### Goal of the exercise
Below are the records; extract from them the line containing "你可以開啟自動(dòng)復" to the line containing "Барбарис Тунберга Maria", both lines included, exactly and with no pictures.

### Available records
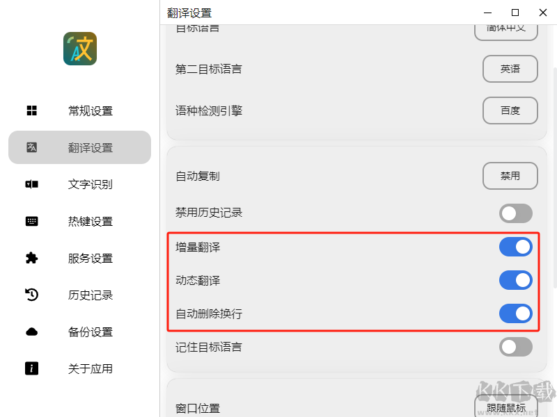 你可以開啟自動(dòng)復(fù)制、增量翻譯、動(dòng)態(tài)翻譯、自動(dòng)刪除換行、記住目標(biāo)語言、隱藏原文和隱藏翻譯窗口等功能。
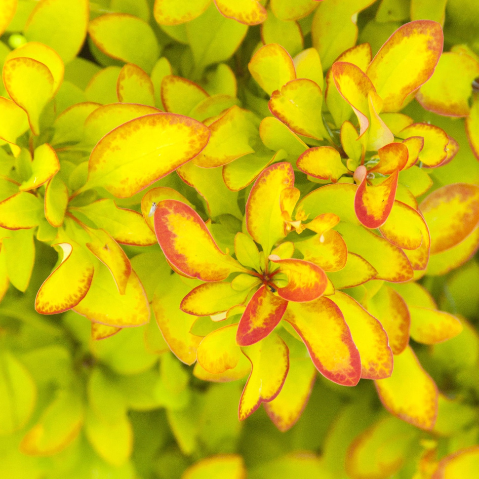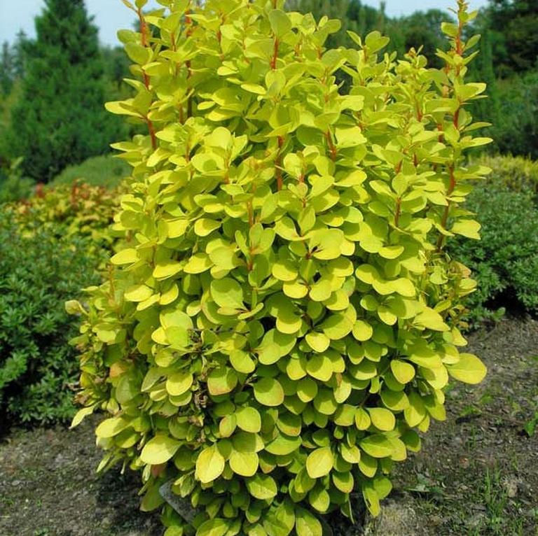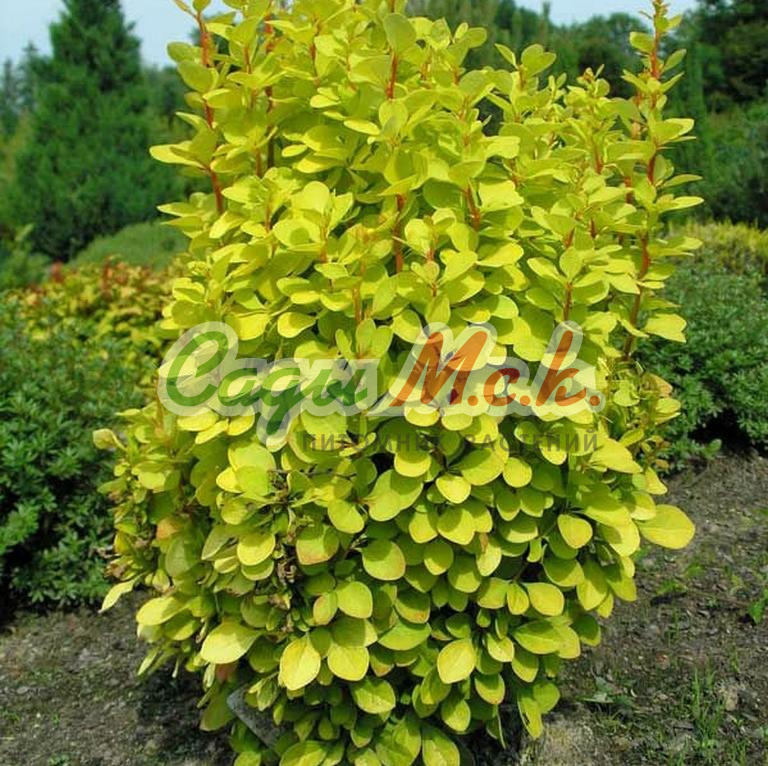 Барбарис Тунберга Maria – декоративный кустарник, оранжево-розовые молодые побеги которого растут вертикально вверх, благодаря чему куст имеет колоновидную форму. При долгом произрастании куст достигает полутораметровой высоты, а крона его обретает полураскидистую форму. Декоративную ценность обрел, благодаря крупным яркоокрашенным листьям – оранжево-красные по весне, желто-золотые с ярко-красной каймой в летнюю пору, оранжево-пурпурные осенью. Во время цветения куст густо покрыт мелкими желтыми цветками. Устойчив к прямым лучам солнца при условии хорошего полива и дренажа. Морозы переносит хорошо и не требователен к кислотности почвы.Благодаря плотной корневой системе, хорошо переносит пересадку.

--

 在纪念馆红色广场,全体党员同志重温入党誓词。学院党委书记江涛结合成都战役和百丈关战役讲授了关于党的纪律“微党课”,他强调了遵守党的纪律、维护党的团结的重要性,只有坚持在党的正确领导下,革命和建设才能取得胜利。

### Answer for the task
 你可以開啟自動(dòng)復(fù)制、增量翻譯、動(dòng)態(tài)翻譯、自動(dòng)刪除換行、記住目標(biāo)語言、隱藏原文和隱藏翻譯窗口等功能。
 Барбарис Тунберга Maria – декоративный кустарник, оранжево-розовые молодые побеги которого растут вертикально вверх, благодаря чему куст имеет колоновидную форму. При долгом произрастании куст достигает полутораметровой высоты, а крона его обретает полураскидистую форму. Декоративную ценность обрел, благодаря крупным яркоокрашенным листьям – оранжево-красные по весне, желто-золотые с ярко-красной каймой в летнюю пору, оранжево-пурпурные осенью. Во время цветения куст густо покрыт мелкими желтыми цветками. Устойчив к прямым лучам солнца при условии хорошего полива и дренажа. Морозы переносит хорошо и не требователен к кислотности почвы.Благодаря плотной корневой системе, хорошо переносит пересадку.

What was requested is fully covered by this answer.